TASK TO CARRY OUT:
The required output is the exact run of lines below that opens at the line with "Imatge 1 Espai" and closes at the line with "Aleshores, el programa".

PROVIDED DATA:
※ ※ ※

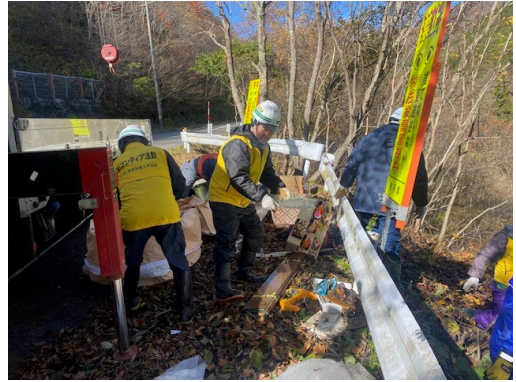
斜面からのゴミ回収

※ ※ ※

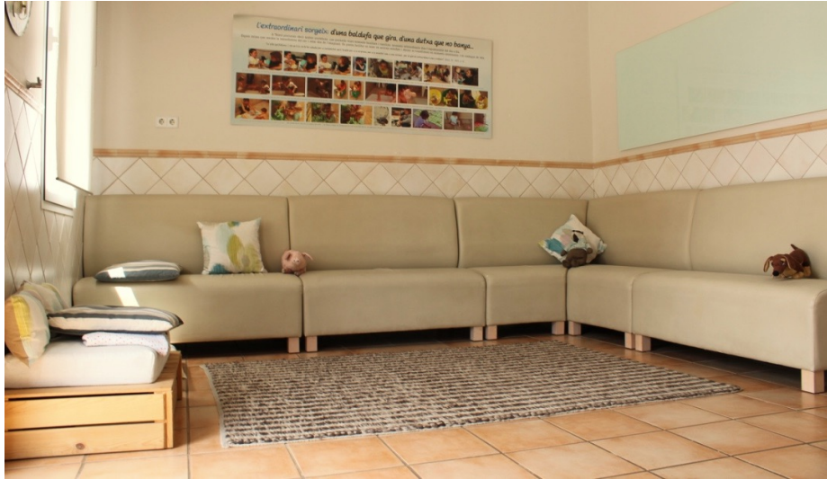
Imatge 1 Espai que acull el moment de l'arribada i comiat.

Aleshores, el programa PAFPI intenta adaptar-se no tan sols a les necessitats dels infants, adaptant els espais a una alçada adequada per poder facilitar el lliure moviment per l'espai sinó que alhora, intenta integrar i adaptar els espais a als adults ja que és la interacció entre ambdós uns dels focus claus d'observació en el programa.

※ ※ ※

RESPONSE BOX:
Imatge 1 Espai que acull el moment de l'arribada i comiat.

Aleshores, el programa PAFPI intenta adaptar-se no tan sols a les necessitats dels infants, adaptant els espais a una alçada adequada per poder facilitar el lliure moviment per l'espai sinó que alhora, intenta integrar i adaptar els espais a als adults ja que és la interacció entre ambdós uns dels focus claus d'observació en el programa.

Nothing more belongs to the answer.